Mrs. Shackleton gave a shrug and rose to her feet. The girl was incomprehensible. She was either very subtile and deep, or she was extraordinarily dull and shallow. Shackleton had said to her once that she seemed to him childish and undeveloped, for her age. The woman’s keen eye saw deeper. If Mariposa was not disingenuous, she would always, on the side of shrewdness and worldly wisdom, be undeveloped.
“Well, my dear,” she said coldly, “it all rests with yourself. But I can’t, conscientiously, let you throw your best chances away. We won’t speak of this any more to-day. But go home and think about it, and in a week or two let me know what conclusion you’ve come to. Don’t ever throw a chance away, even if you don’t happen to like the person who offers it.”
She gave Mariposa a shrewd and good-natured smile. The girl, her face crimsoning, was about to answer, when the hall door opened, and, with a sound of laughter and a whiff of violets, Maud and the Count de Lamolle entered the room.
In her heavy mourning, Maud looked more nearly pretty than she had ever done before. It was not the dress that beautified her, but the happiness of her engagement to Latimer, with whom she was deeply in love, which had lent her the fleeting grace and charm that only love, well bestowed, can give. She carried a large bunch of violets in her hand, and her face was slightly flushed.
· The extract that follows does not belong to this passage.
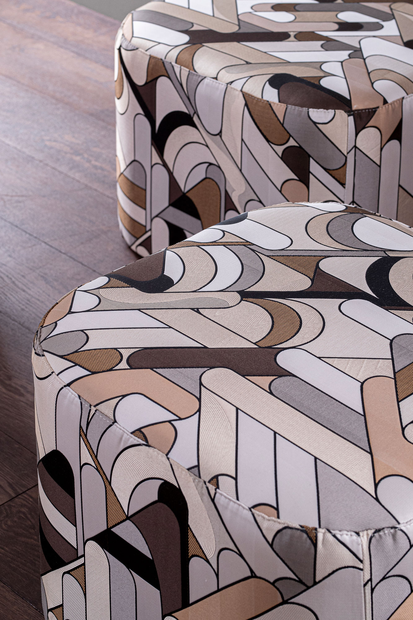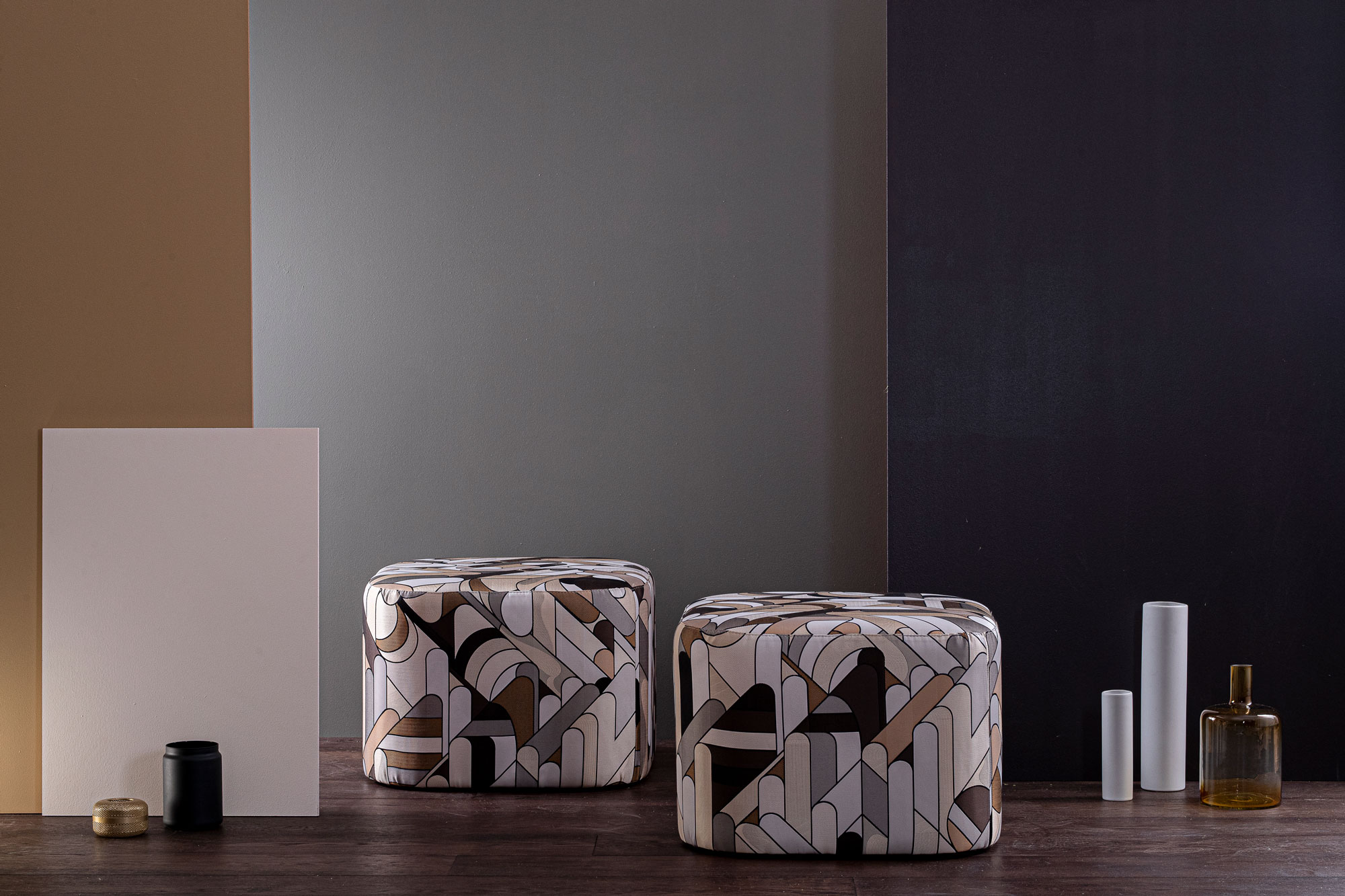 I tessuti outdoor completano la collezione con un motivo geometrico, una riga e una fantasia tropicale con elementi astratti, declinati su fondi di tre diversi pesi per realizzare imbottiti, cuscini o elementi decorativi.

The count, who had attentively read the will of Jake Shackleton in the papers, was staying on in San Francisco. His attentions to Maud were not more assiduous, but they were more “serious,” to use the technical phrase, than heretofore. She would make him an ideal wife, he thought. Even her lack of beauty was an advantage. When an American girl was both rich and pretty, she was more than even the most tactful and sophisticated Frenchman could manage. Maud, ugly, gentle, and not clever, would be a delightful wife, ready to love humbly, unexacting, easy to make happy.
The count, a handsome, polished Parisian, speaking excellent English, bowed over Mrs. Shackleton’s hand, and then, in answer to her words of introduction, shot an exploring look, warmed by a glimmer of discreet admiration, at Mariposa. He wondered who she was, for his practised eye took in at a glance that she was shabbily dressed and evidently not of the world of bonanza millions. He wished that he knew her, now that he had made up his mind to spend some months in San Francisco, paying court to the heiress who would make him such an admirable wife, and in whose society time hung so heavily on his hands.
Mariposa excused herself and hurried away. She was angry and confused. It seemed to her she had done nothing but be rude and obstinately stupid, while the cold and composed older woman had eyed her with wary attentiveness. What did Mrs. Shackleton think she had meant? She felt that the widow had not, for a moment, abandoned the scheme of sending her away. Descending the wide steps in the early dark, the girl realized that the woman she had just left was not going to be beaten from her purpose by what appeared a girl’s unreasonable caprice.
A man coming up the steps brushed by her, paused for a moment, and then mechanically raised his hat. In the gleam of the lamps, held aloft at the top of the flight, she recognized the thin face and eye-glasses of Win Shackleton. She did not return the salute, as it was completely unexpected, and from the foot of the stairs she heard the hall door bang behind him.
“Who was that girl I met on the steps just now, going out?” Win asked his mother, as they went upstairs together.
“That Miss Moreau your father was interested in. He was going to send her to Paris to learn singing.”